Assigned task:
Reproduce the entries word for word, and omit any picture you find in them.

Records for the task:
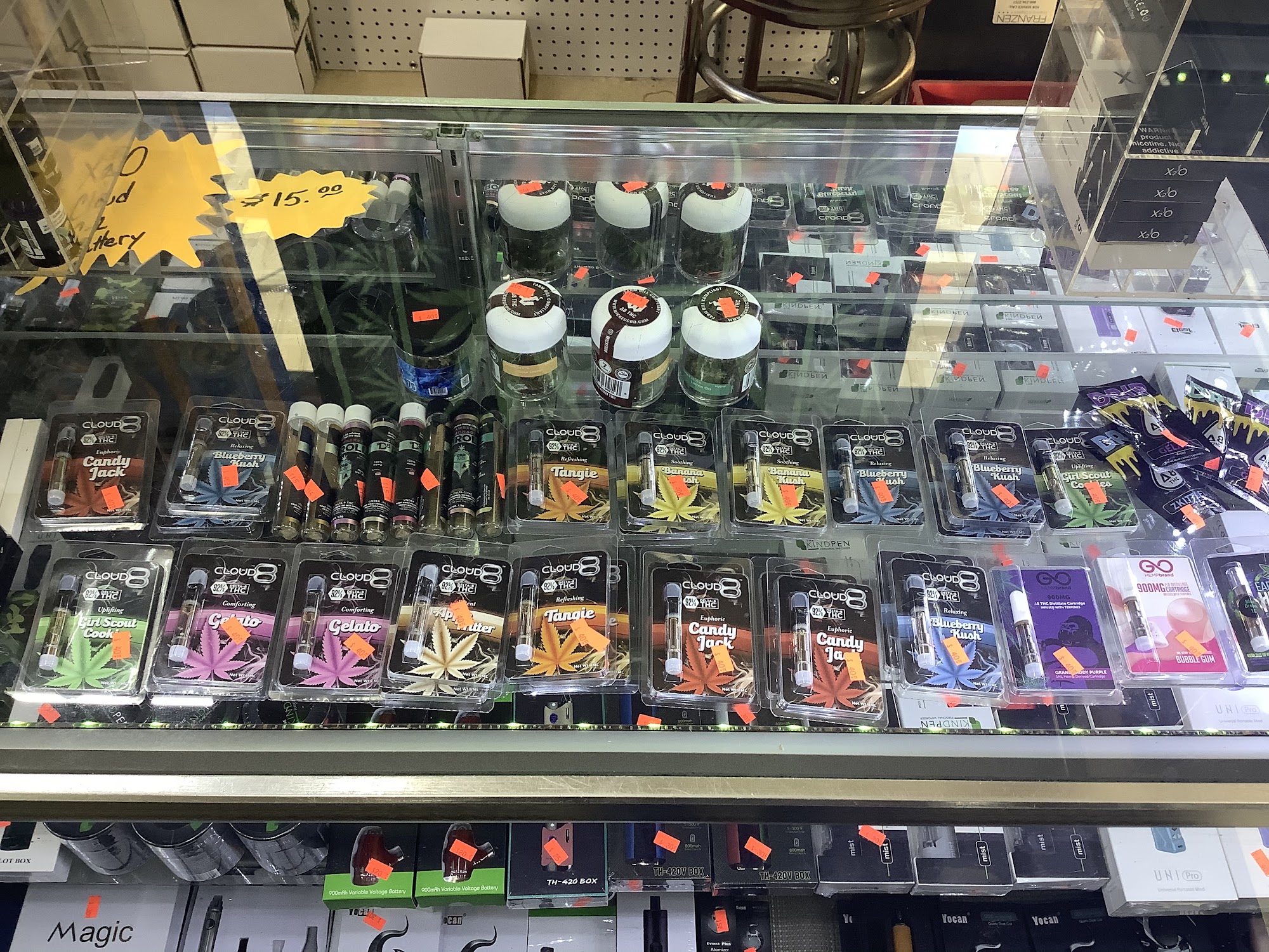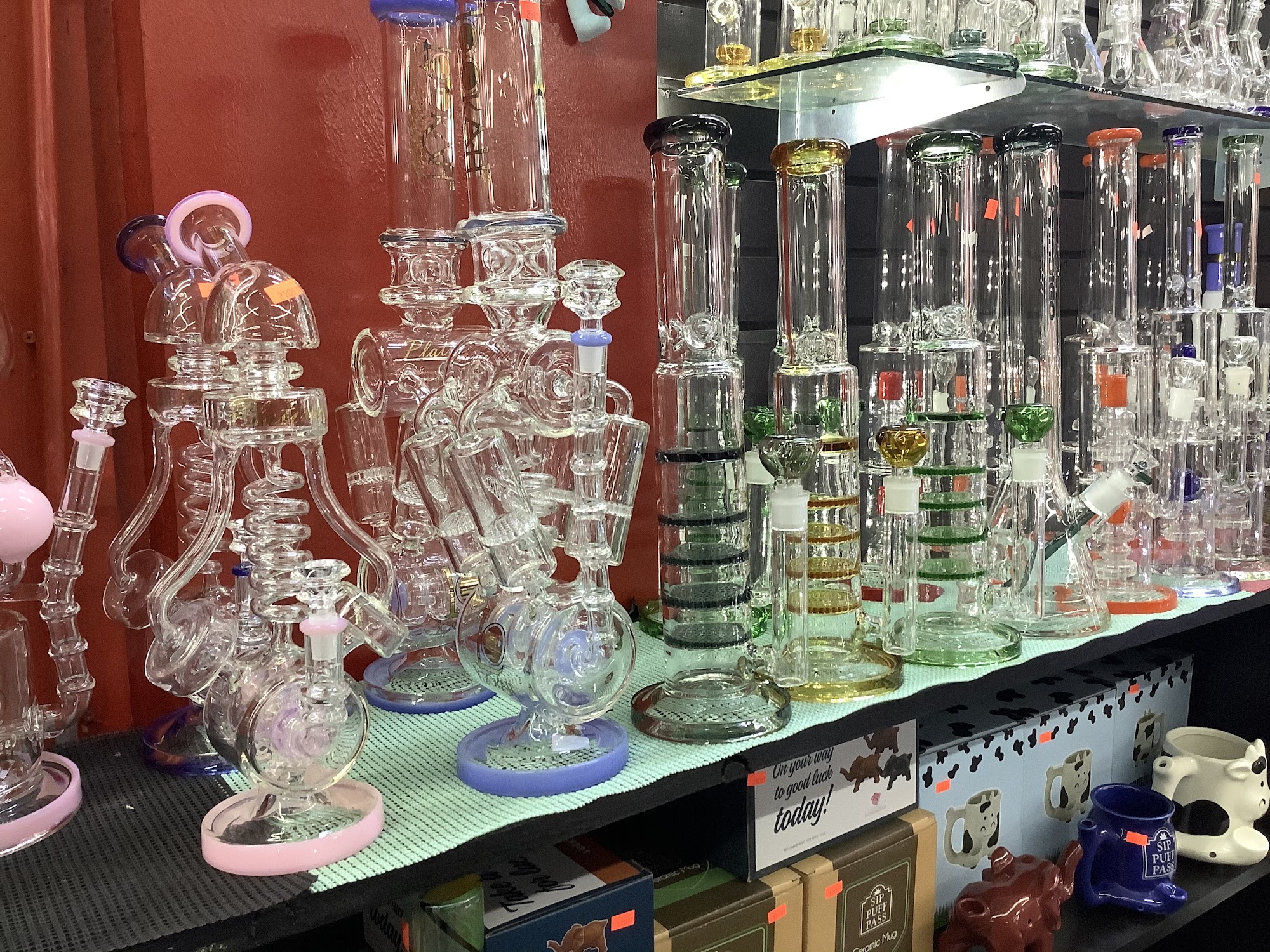 They have a very large selection of pipes and some accessories although I would like to see more accessories in the future they still had a fairly decent selection of bangers and bowls. They also had a huge variety of tobacco and THCa products to choose from. The employee working was very helpful and attentive.
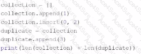 collection = [] collection.append(1) collection.insert(0, 2) duplicate = collection duplicate.append(3) print(len(collection) + len(duplicate))
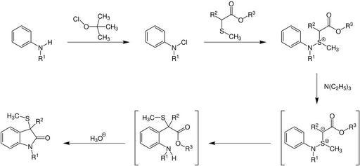 Keywords: Gassman Oxindol-Synthese.svg de Oxindol-Synthese nach Gassman 2013-09-14 18 16 09 own Charrow cc-zero Uploaded with UploadWizard Chemical reactions
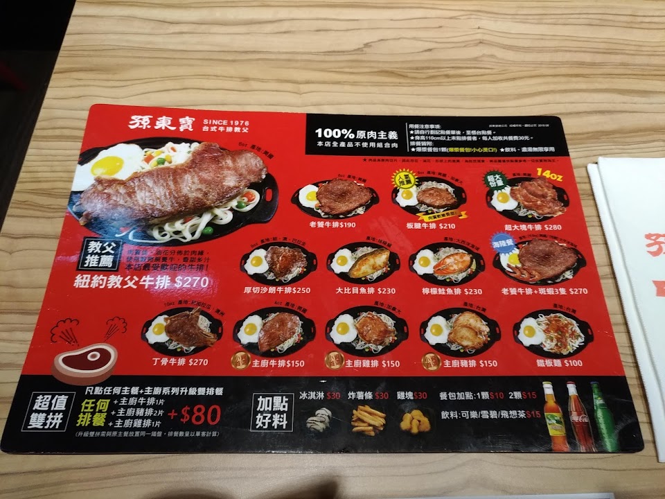 今天點了超大塊牛排及板腱牛排,牛排幾乎都是筋,連刀子都很難切,鐵板麵分量又少,排隊還排了半小時,唯一好喝的只有玉米濃湯而已 。
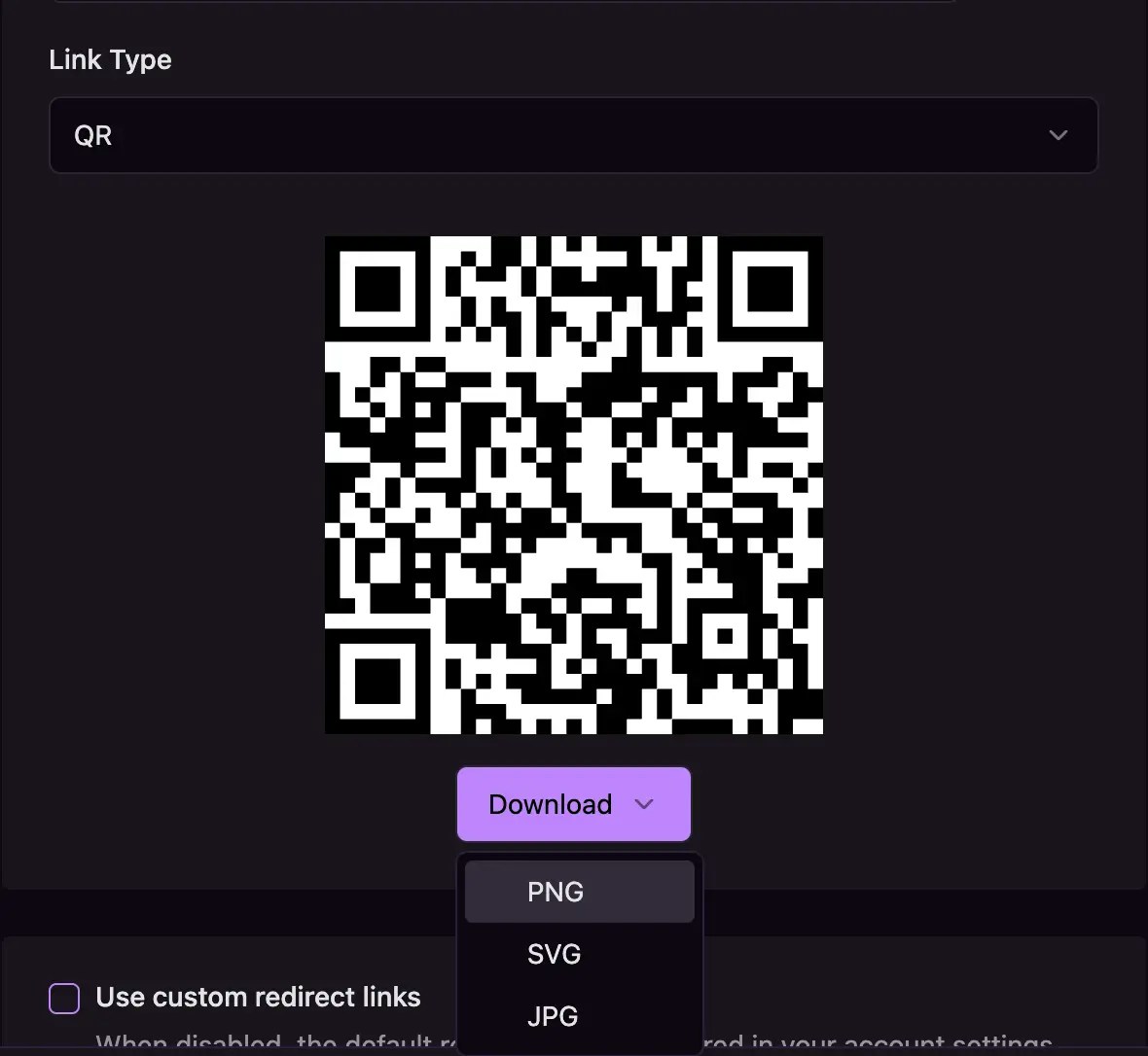 - QR: Choose when you need a scannable QR code for print materials or physical displays
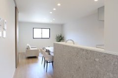 木目の家具がやさしく馴染み、キッチン前のグレータイルが上質なアクセントを添えています。
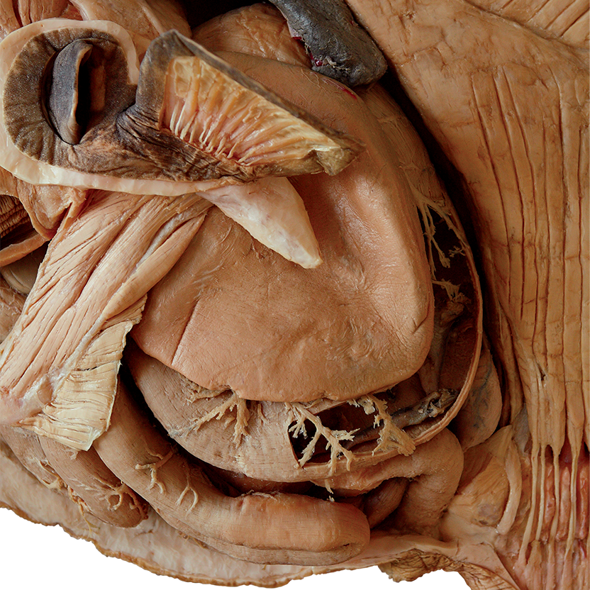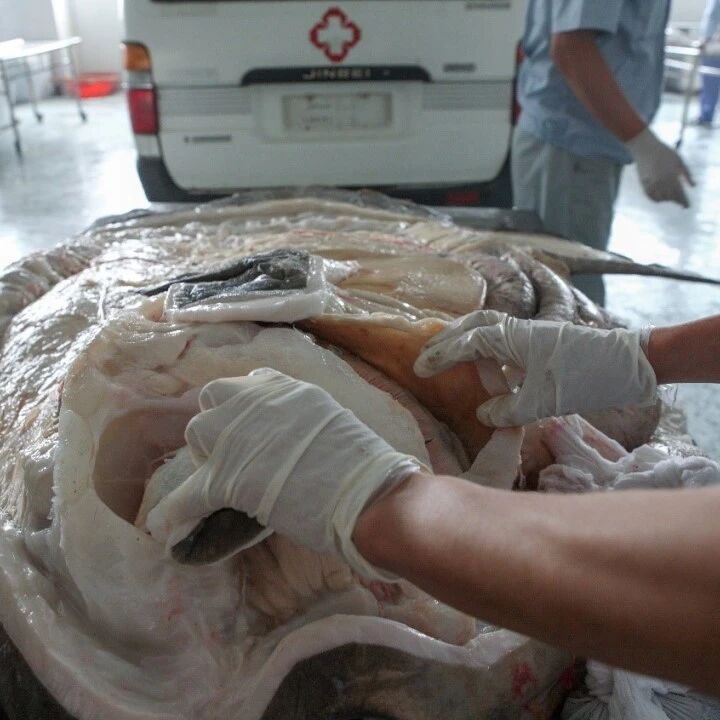很快,孟文件就将翻车鱼一侧厚厚的皮肤完整地切取了下来,露出深层特点明显的肌肉以及与之相连的肌腱,翻车鱼的内脏也随之显露了出来。
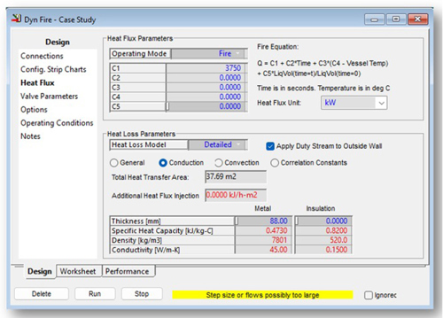 For this case study, a constant heat flux through the fire duration is considered by specifying C1, and setting C2, C3, C4, and C5 to zero. C1 is specified as such: API recommended heat flux for pool fire in (kW/m2) as tabulated in TABLE 3 multiplied by the heat transfer area (m2) resulting in applied heat in kW.
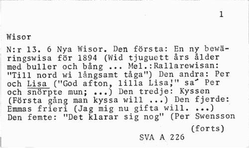 //// 1 //// Wisor //// N:r 13. 6 Nya Wisor. Den första: En ny bewä-ringswisa för 1894 (Wid tjuguett års ålder med buller och bång ... Mel.:Rallarewisan: "Till nord wi långsamt tåga") Den andra: Per och Lisa ("God afton, lilla Lisa,"' sa" Per och snörpte mun; ...) Den tredje: Kyssen (Första gång man kyssa v/ill ...) Den fjerdet Emmas frieri (Jag mig nu gifta will. ...) Den femte: "Det klarar sig nog" (Per Swensson //// (forts) //// SVA A 226 ////

Output for this exercise:
 They have a very large selection of pipes and some accessories although I would like to see more accessories in the future they still had a fairly decent selection of bangers and bowls. They also had a huge variety of tobacco and THCa products to choose from. The employee working was very helpful and attentive.
 collection = [] collection.append(1) collection.insert(0, 2) duplicate = collection duplicate.append(3) print(len(collection) + len(duplicate))
 Keywords: Gassman Oxindol-Synthese.svg de Oxindol-Synthese nach Gassman 2013-09-14 18 16 09 own Charrow cc-zero Uploaded with UploadWizard Chemical reactions
 今天點了超大塊牛排及板腱牛排,牛排幾乎都是筋,連刀子都很難切,鐵板麵分量又少,排隊還排了半小時,唯一好喝的只有玉米濃湯而已 。
 - QR: Choose when you need a scannable QR code for print materials or physical displays
 木目の家具がやさしく馴染み、キッチン前のグレータイルが上質なアクセントを添えています。
很快,孟文件就将翻车鱼一侧厚厚的皮肤完整地切取了下来,露出深层特点明显的肌肉以及与之相连的肌腱,翻车鱼的内脏也随之显露了出来。
 For this case study, a constant heat flux through the fire duration is considered by specifying C1, and setting C2, C3, C4, and C5 to zero. C1 is specified as such: API recommended heat flux for pool fire in (kW/m2) as tabulated in TABLE 3 multiplied by the heat transfer area (m2) resulting in applied heat in kW.
 //// 1 //// Wisor //// N:r 13. 6 Nya Wisor. Den första: En ny bewä-ringswisa för 1894 (Wid tjuguett års ålder med buller och bång ... Mel.:Rallarewisan: "Till nord wi långsamt tåga") Den andra: Per och Lisa ("God afton, lilla Lisa,"' sa" Per och snörpte mun; ...) Den tredje: Kyssen (Första gång man kyssa v/ill ...) Den fjerdet Emmas frieri (Jag mig nu gifta will. ...) Den femte: "Det klarar sig nog" (Per Swensson //// (forts) //// SVA A 226 ////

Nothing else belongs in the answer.